SUPPLIED RECORDS:
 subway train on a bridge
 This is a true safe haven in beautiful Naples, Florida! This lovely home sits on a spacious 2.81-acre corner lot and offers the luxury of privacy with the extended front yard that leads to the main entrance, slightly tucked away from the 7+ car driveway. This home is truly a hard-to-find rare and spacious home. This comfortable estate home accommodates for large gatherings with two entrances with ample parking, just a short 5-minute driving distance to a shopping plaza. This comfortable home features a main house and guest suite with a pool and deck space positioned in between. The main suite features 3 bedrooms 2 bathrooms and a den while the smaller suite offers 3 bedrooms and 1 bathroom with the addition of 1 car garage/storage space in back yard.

---

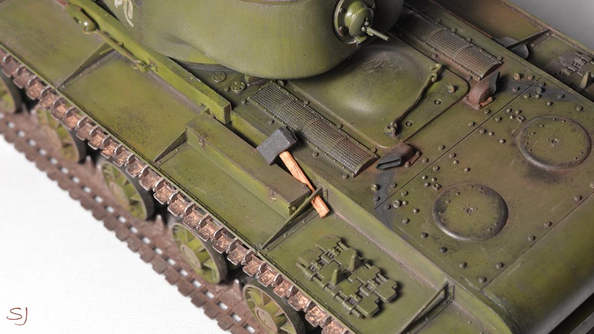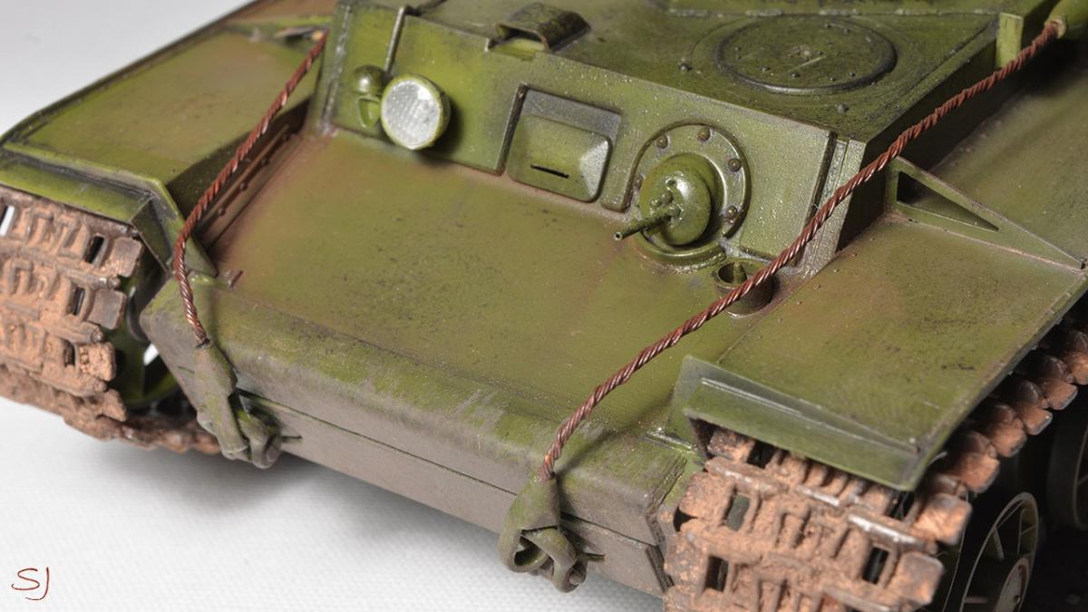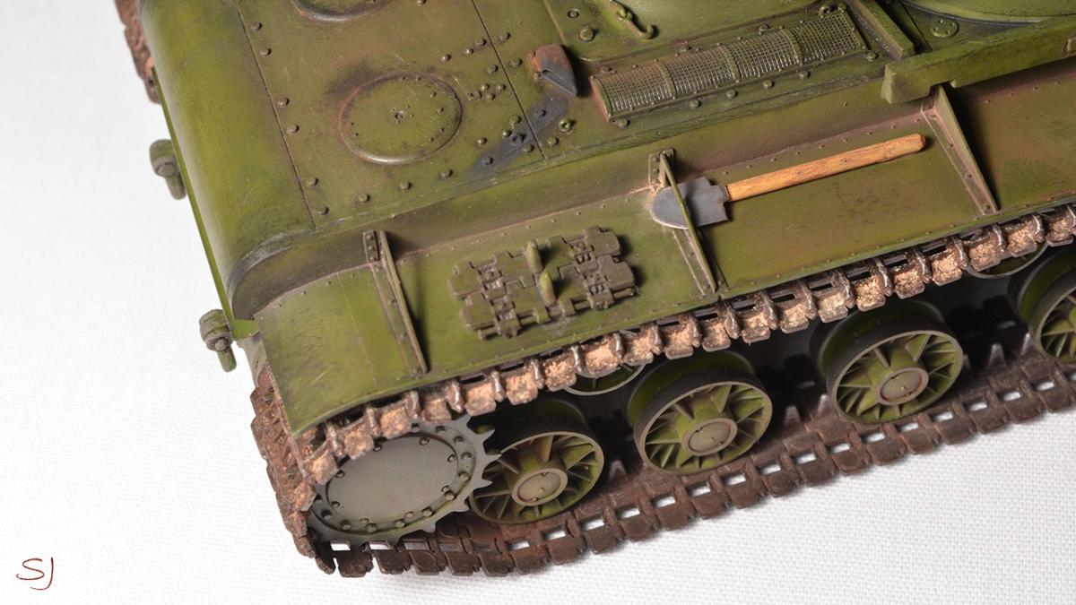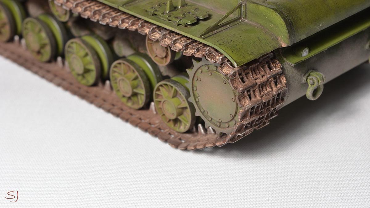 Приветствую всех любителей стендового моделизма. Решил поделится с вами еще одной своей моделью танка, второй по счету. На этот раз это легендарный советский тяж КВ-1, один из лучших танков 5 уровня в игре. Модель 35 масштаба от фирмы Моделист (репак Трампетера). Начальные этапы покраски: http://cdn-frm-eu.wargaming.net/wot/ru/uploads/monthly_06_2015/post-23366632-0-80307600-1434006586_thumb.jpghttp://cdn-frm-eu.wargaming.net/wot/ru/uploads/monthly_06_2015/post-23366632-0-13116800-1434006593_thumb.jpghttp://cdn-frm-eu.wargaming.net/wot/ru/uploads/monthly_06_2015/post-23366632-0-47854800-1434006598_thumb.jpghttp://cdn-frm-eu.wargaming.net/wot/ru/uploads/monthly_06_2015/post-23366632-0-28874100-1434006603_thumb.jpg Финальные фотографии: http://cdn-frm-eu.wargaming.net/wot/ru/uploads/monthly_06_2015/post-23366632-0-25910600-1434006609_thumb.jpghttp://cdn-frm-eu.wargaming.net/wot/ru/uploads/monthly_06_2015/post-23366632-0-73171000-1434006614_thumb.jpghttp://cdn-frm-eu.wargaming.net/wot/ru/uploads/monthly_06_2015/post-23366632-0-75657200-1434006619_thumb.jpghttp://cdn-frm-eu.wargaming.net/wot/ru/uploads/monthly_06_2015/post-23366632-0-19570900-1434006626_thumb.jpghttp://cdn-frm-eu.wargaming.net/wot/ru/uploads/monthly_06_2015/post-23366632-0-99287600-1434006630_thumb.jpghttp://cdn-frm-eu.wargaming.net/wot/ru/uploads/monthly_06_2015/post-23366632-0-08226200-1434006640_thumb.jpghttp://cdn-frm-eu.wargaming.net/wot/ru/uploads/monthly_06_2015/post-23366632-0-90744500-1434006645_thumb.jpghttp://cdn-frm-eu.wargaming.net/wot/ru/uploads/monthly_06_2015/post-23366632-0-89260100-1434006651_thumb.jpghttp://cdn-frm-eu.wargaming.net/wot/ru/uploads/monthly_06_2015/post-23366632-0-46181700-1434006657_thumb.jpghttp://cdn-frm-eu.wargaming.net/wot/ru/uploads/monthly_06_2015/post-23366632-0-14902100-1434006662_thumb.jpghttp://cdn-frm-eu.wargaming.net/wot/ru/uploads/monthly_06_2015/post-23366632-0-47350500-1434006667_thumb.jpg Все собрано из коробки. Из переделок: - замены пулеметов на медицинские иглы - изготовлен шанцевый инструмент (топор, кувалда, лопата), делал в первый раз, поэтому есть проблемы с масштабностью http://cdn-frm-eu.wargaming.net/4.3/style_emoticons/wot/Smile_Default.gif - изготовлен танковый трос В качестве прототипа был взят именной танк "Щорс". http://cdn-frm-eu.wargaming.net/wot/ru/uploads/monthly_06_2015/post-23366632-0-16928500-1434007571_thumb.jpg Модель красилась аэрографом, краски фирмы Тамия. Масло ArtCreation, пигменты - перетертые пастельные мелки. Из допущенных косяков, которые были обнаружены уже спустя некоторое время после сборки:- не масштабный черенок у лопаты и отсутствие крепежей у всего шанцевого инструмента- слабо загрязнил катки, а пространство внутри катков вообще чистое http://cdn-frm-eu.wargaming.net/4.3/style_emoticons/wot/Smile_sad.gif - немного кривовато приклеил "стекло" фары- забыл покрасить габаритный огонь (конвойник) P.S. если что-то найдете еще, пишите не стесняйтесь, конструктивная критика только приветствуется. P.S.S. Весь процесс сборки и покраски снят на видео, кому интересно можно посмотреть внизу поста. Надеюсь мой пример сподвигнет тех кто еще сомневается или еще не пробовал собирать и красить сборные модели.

EXERCISE: Starting at the line that has "subway train on a bridge" and ending at the line that has "This is a true", please write out the lines above exactly, leaving out all others.

RESULT OF THIS TASK:
 subway train on a bridge
 This is a true safe haven in beautiful Naples, Florida! This lovely home sits on a spacious 2.81-acre corner lot and offers the luxury of privacy with the extended front yard that leads to the main entrance, slightly tucked away from the 7+ car driveway. This home is truly a hard-to-find rare and spacious home. This comfortable estate home accommodates for large gatherings with two entrances with ample parking, just a short 5-minute driving distance to a shopping plaza. This comfortable home features a main house and guest suite with a pool and deck space positioned in between. The main suite features 3 bedrooms 2 bathrooms and a den while the smaller suite offers 3 bedrooms and 1 bathroom with the addition of 1 car garage/storage space in back yard.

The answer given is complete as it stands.